С точки зрения А. Ф. Лосева, миф – это не выдумка, а диалектически необходимая категория сознания и бытия. В то же время, понимая миф как символ [Лосев: 1994, с. 57], исследователь полагает, что он таким образом обобщает в себе всё и становится универсальным.

Возникнув из ритуала, миф поставил вопрос о более чёткой персонификации Богов, в том числе Богов, связанных со смертью. Поскольку смерть воспринималась как процесс, управляемый высшими силами, божества «помещались» в определённые условия жизни и наделялись теми или иными полномочиями. Интересно, что зачастую основной «род деятельности» божества не был связан исключительно со смертью (оно управляло ещё сходными процессами, так или иначе относящимися к умиранию, например, отвечало за зиму, холод и пр.). При этом нередко смерть представала в женском обличье, что прямо нас отсылает к столь близко отстоящим от смерти темам плодородия и эротической сферой.

В то же время, понятие «смерть» в мифе могло означать забвение[1] , сон[2] или плен[3] персонажа, которые в дальнейшем должны быть преодолены. Сон как аналог смерти встречается довольно часто: подобные представления отражены даже в форме надгробных эпитафий («спи мирным сном», «да почит в мире» и т. д.). Этому способствует ряд причин:

  1. состояние сна понимается как временная смерть, поскольку нарушено естественное восприятие вещей;
  2. представление о сне и о смерти связано с образом ночи, тьмы (то есть тем, что противопоставлено дню, свету, а значит – жизни);
  3. сон – антипод бодрствования (то есть чего-то ясного, разумного, понятного). Победа над этими состояниями фактически символизирует победу над смертью.
    Примечательно, что истоком идеи воскресения через символическую смерть стала именно мифологическая тема убийства Бога. Схема выстраивалась следующим образом:
  • убийство Богом (существом, животным) людей (с целью их посвящения)
  • месть людей и как итог – получение от существа «скрытых знаний»
  • трансформация существа в образ или предмет, символически наделённый его качествами

Другими словами, в смерти Бога мы видим не только его будущее возрождение в новом качестве или форме, но и новый способ существования всего человечества… [Элиаде: интернет-ресурс]. Результатом убийства Бога иногда становится потеря бессмертия для всего человечества. Обычно это происходит по причине определённого проступка мифического первопредка. Иногда это совершается параллельно с разделением полов.

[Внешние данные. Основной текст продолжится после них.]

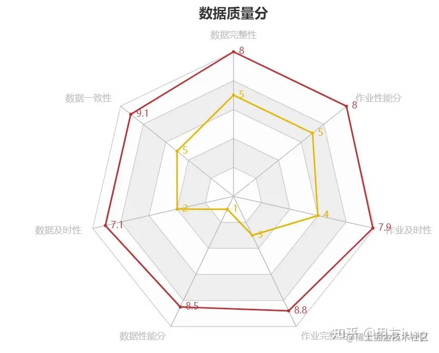 通过数据质量雷达图,定期进行数据和任务质量打分,综合考察数据质量效果。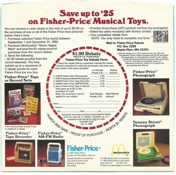 "FREE" - With the purchase of any Happy Meal at McDonald's (1985).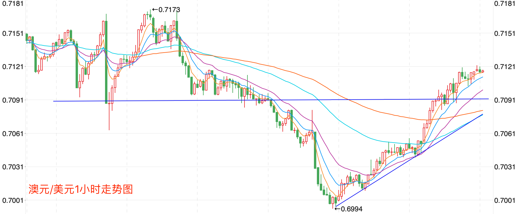 前期自2020年3月底企稳0.5673低点开启上涨走势;盘中突破了MA200均线的关键阻力而上行走高;2021年2月触及0.80072点高位后开始震荡走低,8月底企稳在0.7114点展开反弹走势再度终结,目前重回8月低点调整走势。当前日内行情有继续向上反弹的趋势。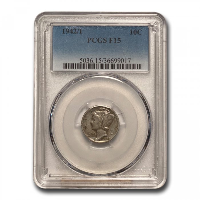 This 1942/1 Mercury Dime has been certified as Fine - 15 by PCGS, one of the top two coin grading services, and would be the perfect addition to your set or collection!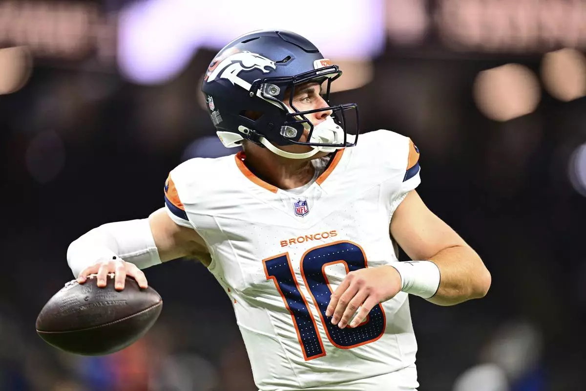 Denver Broncos quarterback Bo Nix warms up before facing the New Orleans Saints in an NFL preseason football game Saturday, Aug. 23, 2025, in New Orleans. (AP Photo/Ella Hall)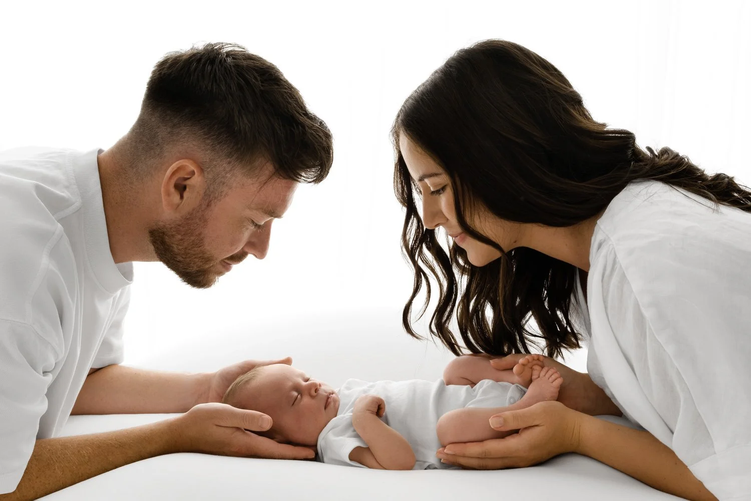 There are beautiful ways to include both parents in a photograph with their baby that look completely natural and loving. Both parents leaning in together over their baby who is resting on the beanbag. One parent holding the baby while the other rests a hand gently on them. Parents sitting either side of their newborn looking down at them together. All of these create images where you can see both parents and the baby and every single person looks like they are exactly where they want to be.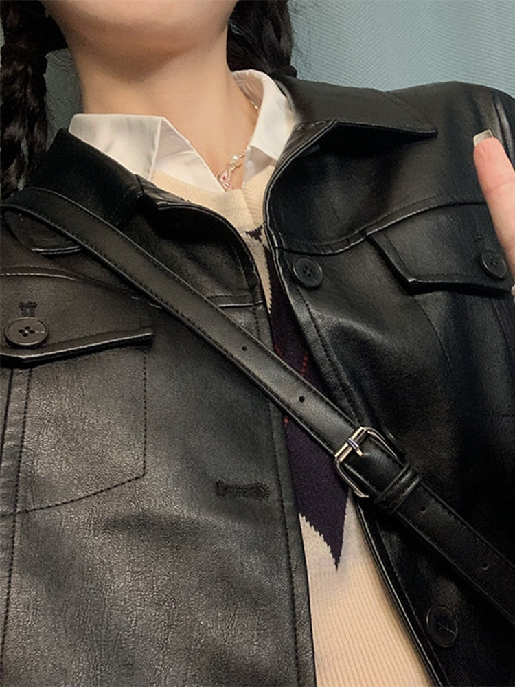 - Crafted from faux leather and PU, this short-length jacket features a turn-down collar, single-breasted closure, and practical pockets for a chic yet functional appeal.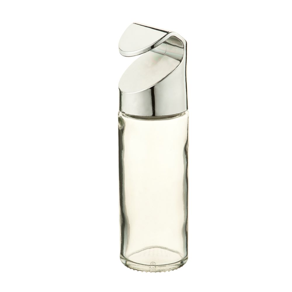 Стеклянная навесная баночка для хранения сыпучих продуктов и специй оснащена специальной крышкой, благодаря которой баночка легко крепится на трубе рейлинга.
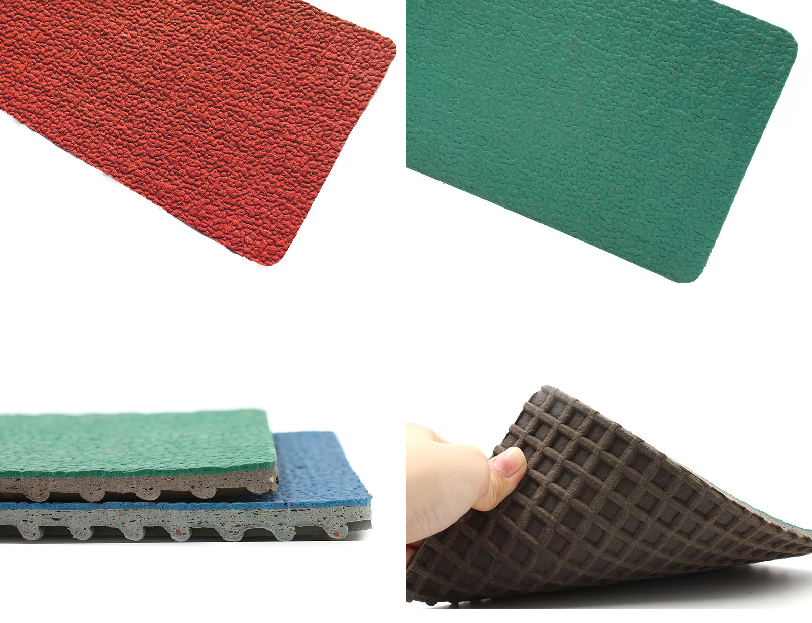 [The upper layer is colored composite rubber], it has long-term resistance to ultraviolet light and the effects of changing weather and weather conditions. The concave-convex pattern surface layer design has excellent anti-skid, anti-spike, anti-wear and anti-reflective effects.

Наряду с мотивом «смерти Бога» существует и такой мотив, как «Бог отдыхающий». Считается, что такое представление характерно обществам менее развитым [Элиаде: интернет-ресурс]. Его суть сводится к тому, что демиург, создав всё сущее, больше не принимает участие в жизни общества. В то же время, к «отдыхающему Богу» иногда всё же обращаются в случае крайней необходимости.

Образы смерти в сказке

Вопросы, связанные с переходом от мифа к сказке, не имеют однозначного ответа. На сегодняшний день существует три основных подхода, в рамках которых мы сталкиваемся с противоречивой информацией: а) сказка произошла раньше мифа; б) сказка и миф возникли в одно время; в) сказка является результатом развития мифа. В то же время, бόльшая часть исследователей придерживается последней точки зрения.

При безусловной связи сказки с мифом, нужно учитывать и её прикладной характер (рассказ детям). Важно понимать, что суть сказочного повествования не могла сводиться лишь к доступному изложению религиозных воззрений своего народа. Очевидно, что сказки могли носить и сугубо бытовой, развлекательный, нравоучительный характер.

В процессе движения от мифа к сказке, смерть приобретала всё более и более метафоричную форму. С одной стороны, прежние персонажи начинают функционировать под другими именами: Мара превращается в Бабу-Ягу, Чернобог – в Кощея и т. Д. С другой, архетипические представления о «культурном герое» остаются достаточно обобщёнными и в какой-то степени безымянными. Имеется в ходу такое универсальное имя, как Иван (царевич, дурак). Специального внимания заслуживает и тот факт, что, по сути, сказка сохраняет в себе прежние, свойственные мифологическому сознанию представления о смерти, которые претерпевают лишь незначительные изменения.

Согласно В. Проппу, представление о смерти в сказках можно разделить на 2 группы. Первая – по атрибутике, используемой персонажами.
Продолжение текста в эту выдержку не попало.